Zitat von Aen im Beitrag #869Ja, ich meine, es gibt in diesem Thread inzwischen überzeugend viele Beiträge, in denen Lufti auf unsere Nachfragen hin (wie gesagt, auch ich hatte die) immer wieder klarzuziehen versuchte, was Reichtum für sie, für die Gruppe meint. Was das mit Protzenwollen o.ä. - in ihrem eigenen Werteverständnis - nicht zu tun haben will. Dass sie in ihren Freundinnen Eigenschaften, Werteübereinstimmungen sucht (und findet), die ihr über das gemeinsame Geldhaben und -ausgeben hinaus etwas bedeuten. Und so weiter.
Okay, Gedächtnisprotokoll: Lufti schreibt über die "Gruppe", die im übrigen bis zu 30 Personen stark ist, nichts über gemeinsame Werte (bzw. welche das wären) sondern dass das vebindende Element sei, dass Geld "kein Thema" ist. Kein Thema in dem Sinne, dass man sich xyz selbstverständlich und problemlos leistet weil man's eben kann. Abgesehen von den Events à la Dolce Vita schreibt sie nichts von Gemeinsamkeiten oder Werten.

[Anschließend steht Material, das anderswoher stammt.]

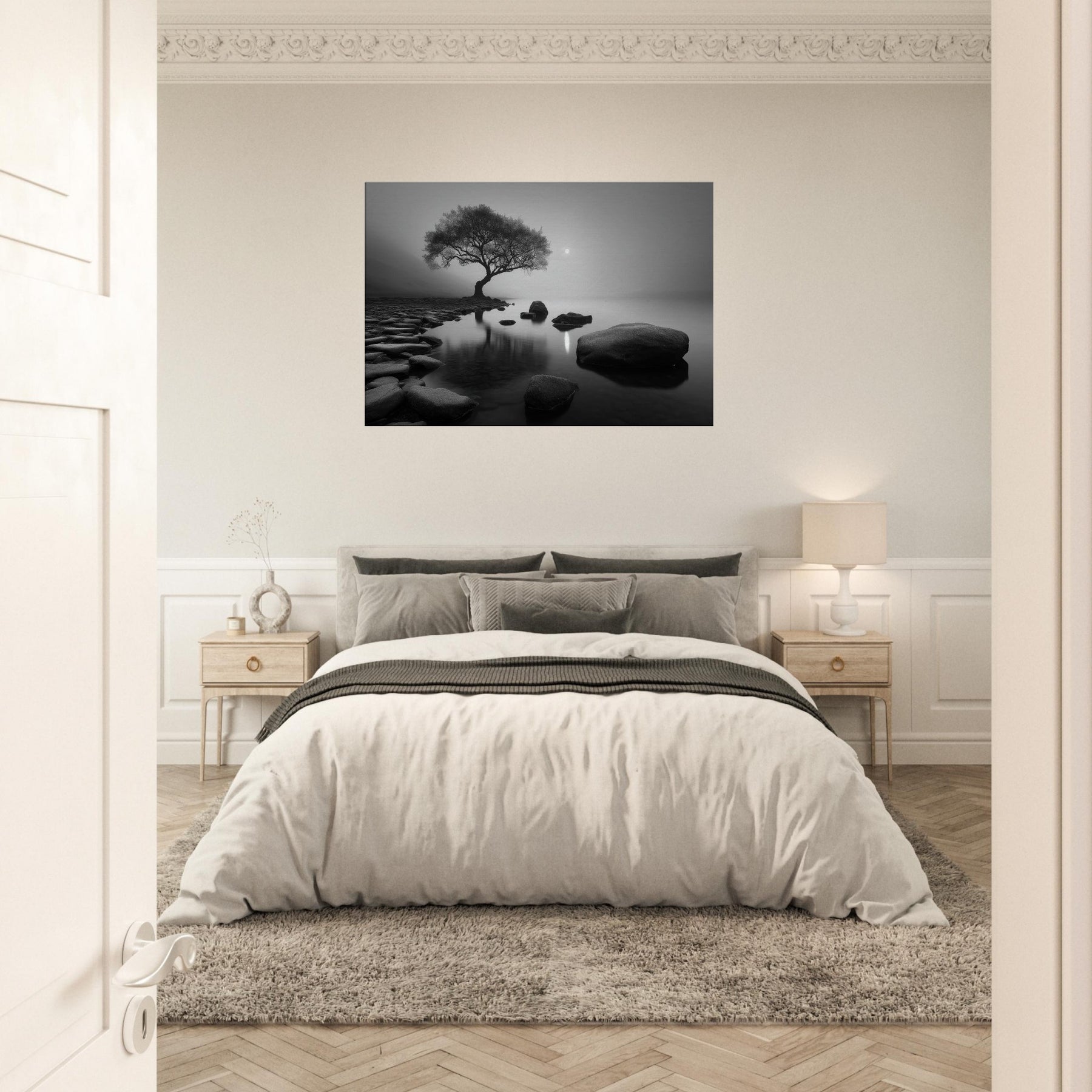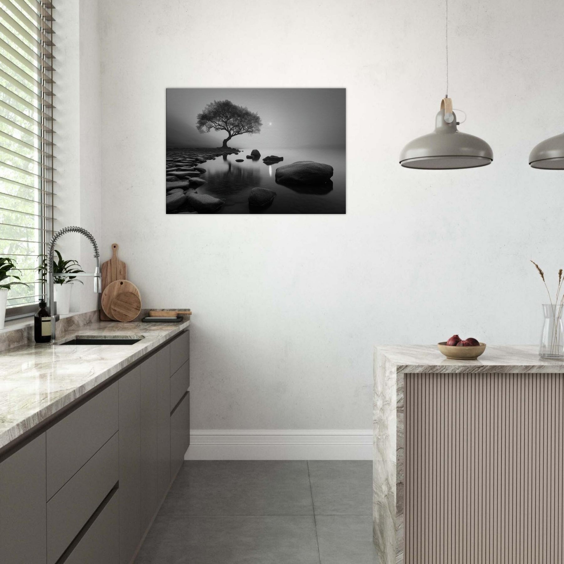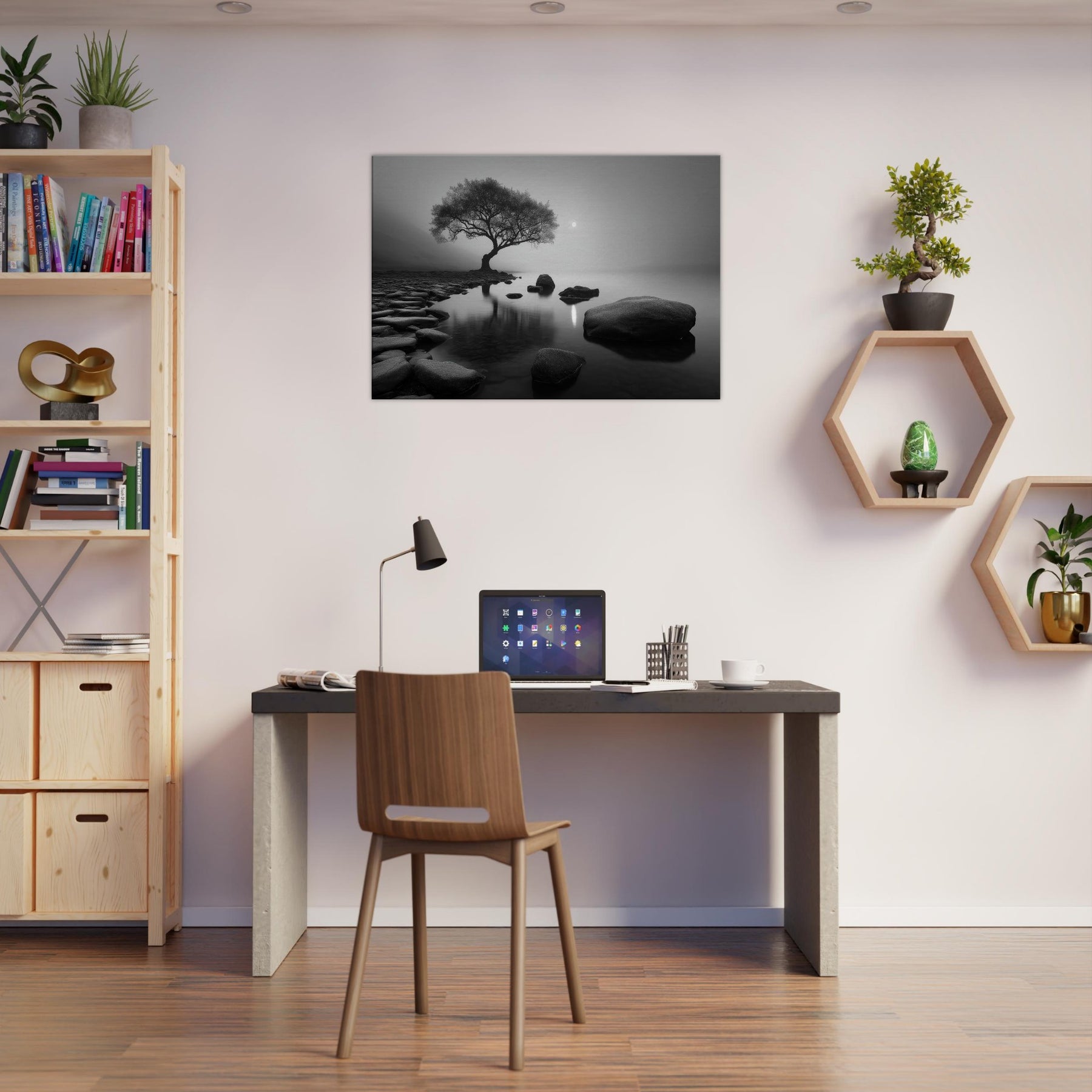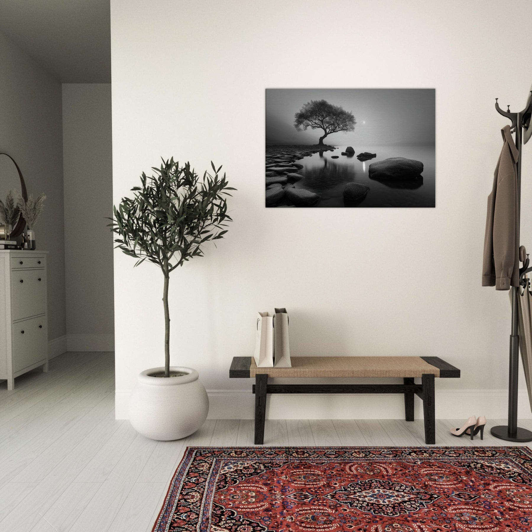 On the edge of still water, the Lone Tree leans toward the horizon, its branches tracing the quiet in a dreamlike gray. The scene feels suspended between memory and possibility, where rocks become stepping stones and the light hovers like a soft memory. This piece invites meditative calm into any room, turning a living space into a shoreline of contemplation. Its restrained luminosity and tactile textures invite touch, echoing solitude, resilience, and the subtle poetry of nature.

Letzteres bezieht sie eher auf ein paar Freundinnen, die mit dieser Truppe überhaupt nichts zu tun haben, und bei denen irgendwelche finanziellen Aspekte keine Rolle spielen. Von ihrer besten Freundin schreibt sie sogar, dass diese mit "der Gruppe" nichts zu tun haben will.
ZitatIch finde beispielsweise auch mindestens zwei Beiträge (vielleicht suche ich später noch danach), in denen Lufti Tanja in berührender Tiefe beschreibt, so dass in mir wirklich ein Bild dieser Frau entstehen konnte.
Jo, und im gleichen Atemzug, bzw. Beitrag kommt dann die nicht minder vehemente Beschreibung der biestigen, stichelnden Tanja, die ihr unglaublich auf die Nerven geht, und zwar seit sage und schreibe 6 (in Worten sechs!) Monaten. Das meinte ich mit Dr. Jekyll/Mr. Hyde. Ich bringe das Bild dieser sehr widersprüchlichen beiden Tanjas in dieser Ausprägung nicht zusammen.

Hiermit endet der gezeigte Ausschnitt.